WHAT NEEDS TO BE DONE
Whenever an image turns up, omit it and return the remaining data exactly.

DATA SECTION
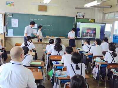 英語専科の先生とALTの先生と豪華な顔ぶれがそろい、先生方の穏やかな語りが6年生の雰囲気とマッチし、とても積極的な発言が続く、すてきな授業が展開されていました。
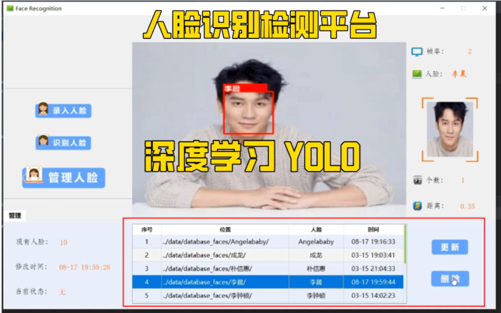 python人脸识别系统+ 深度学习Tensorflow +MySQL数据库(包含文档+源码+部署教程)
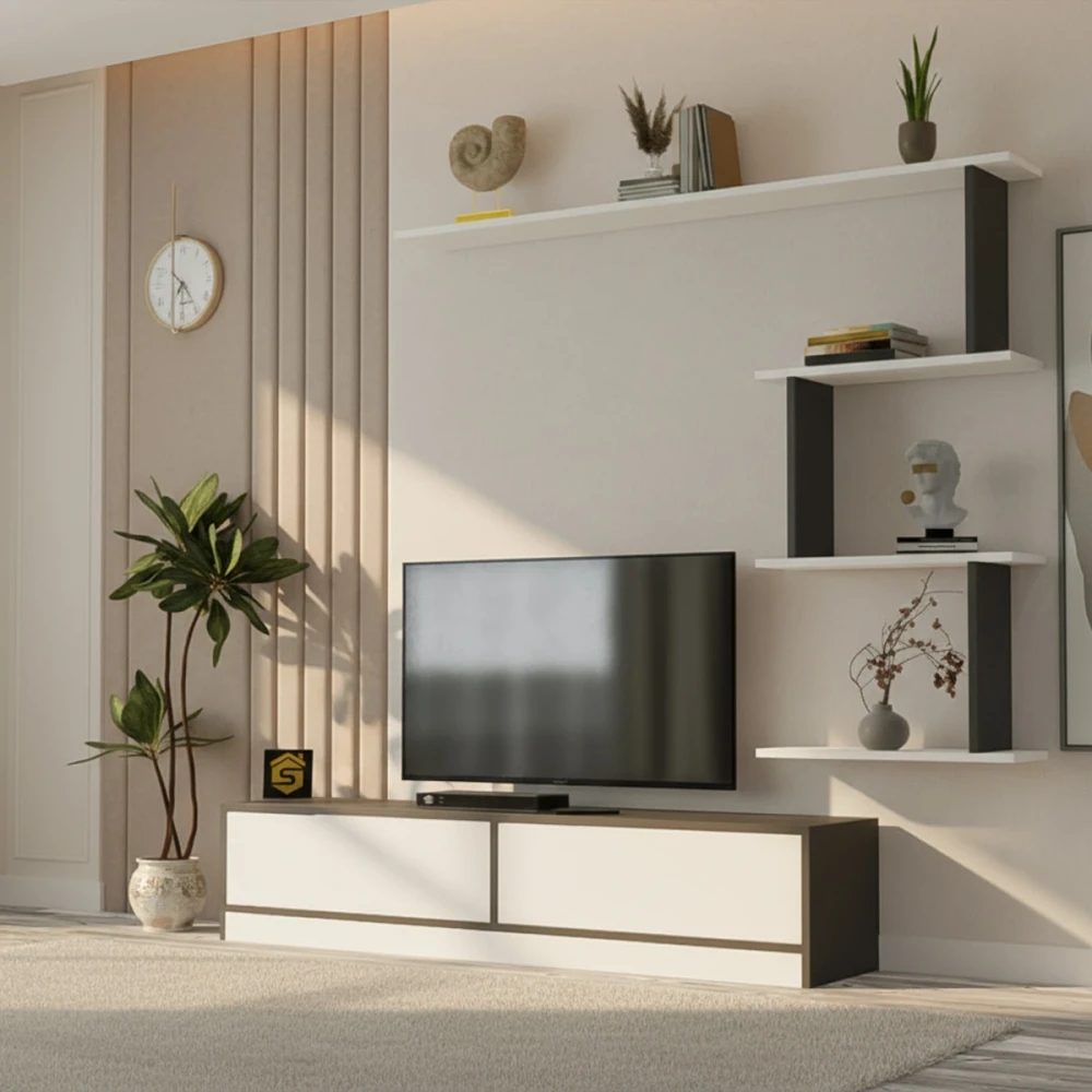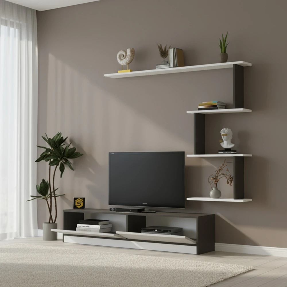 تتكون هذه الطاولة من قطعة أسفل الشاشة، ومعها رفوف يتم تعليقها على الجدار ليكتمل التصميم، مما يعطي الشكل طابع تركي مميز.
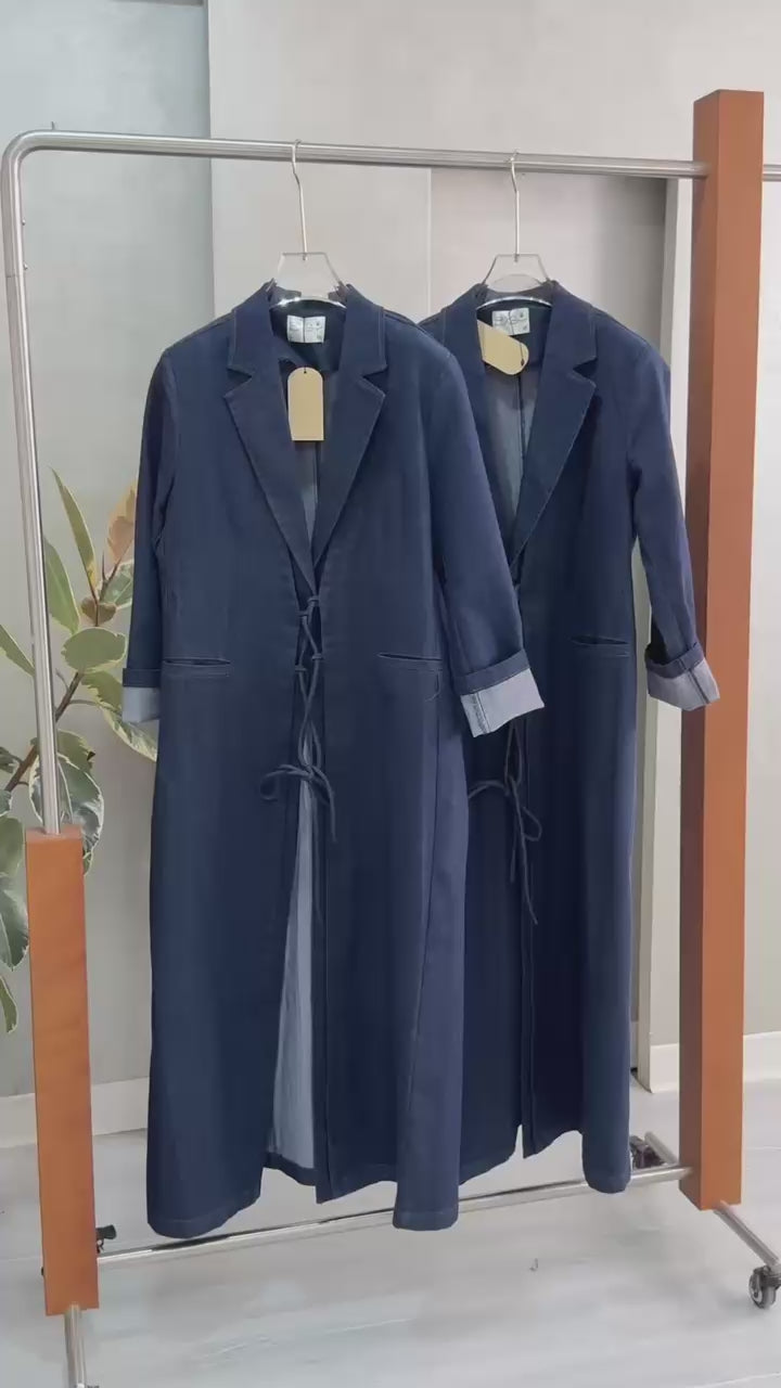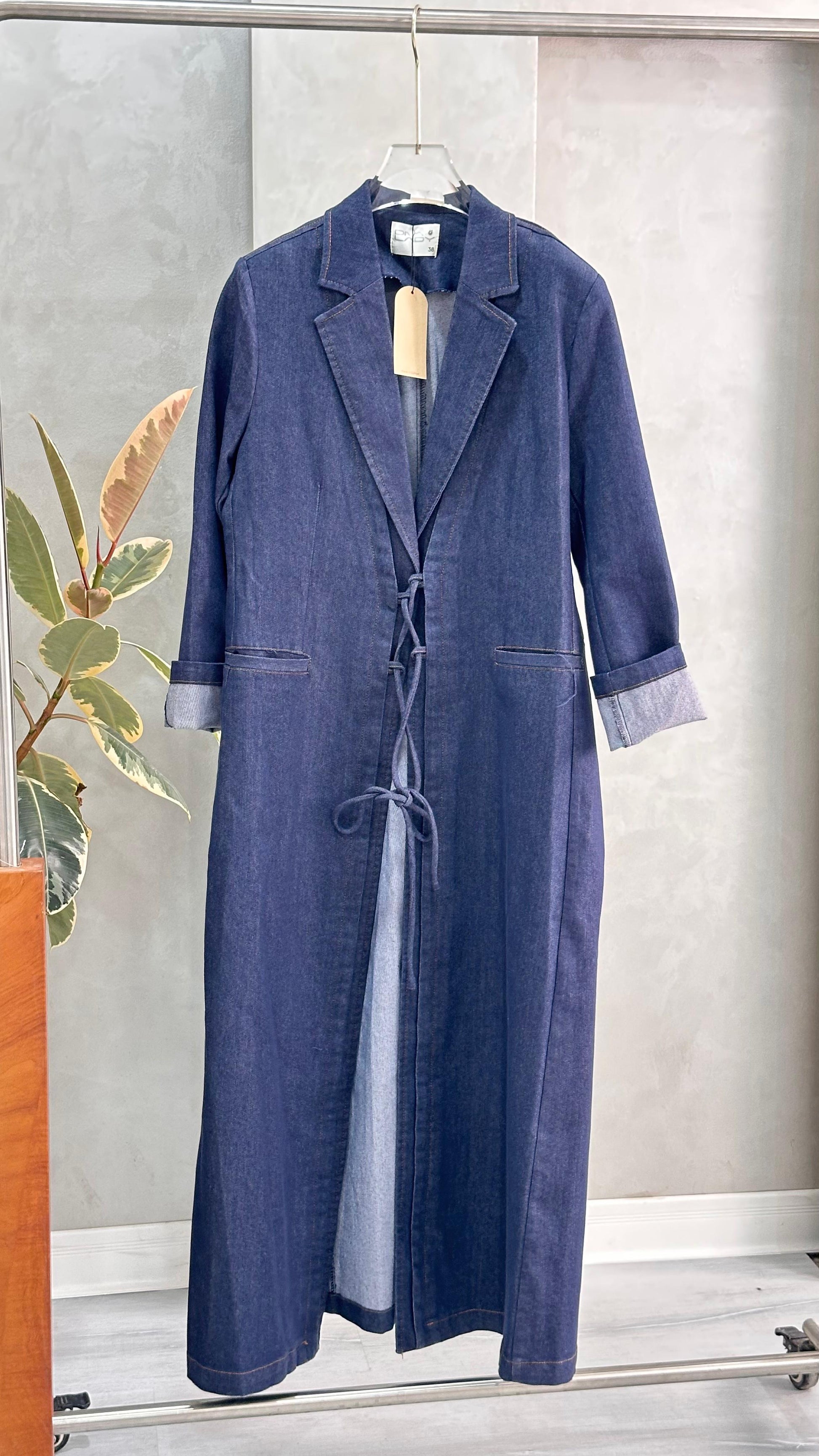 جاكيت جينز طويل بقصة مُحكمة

RESPONSE BELOW
 英語専科の先生とALTの先生と豪華な顔ぶれがそろい、先生方の穏やかな語りが6年生の雰囲気とマッチし、とても積極的な発言が続く、すてきな授業が展開されていました。
 python人脸识别系统+ 深度学习Tensorflow +MySQL数据库(包含文档+源码+部署教程)
 تتكون هذه الطاولة من قطعة أسفل الشاشة، ومعها رفوف يتم تعليقها على الجدار ليكتمل التصميم، مما يعطي الشكل طابع تركي مميز.
 جاكيت جينز طويل بقصة مُحكمة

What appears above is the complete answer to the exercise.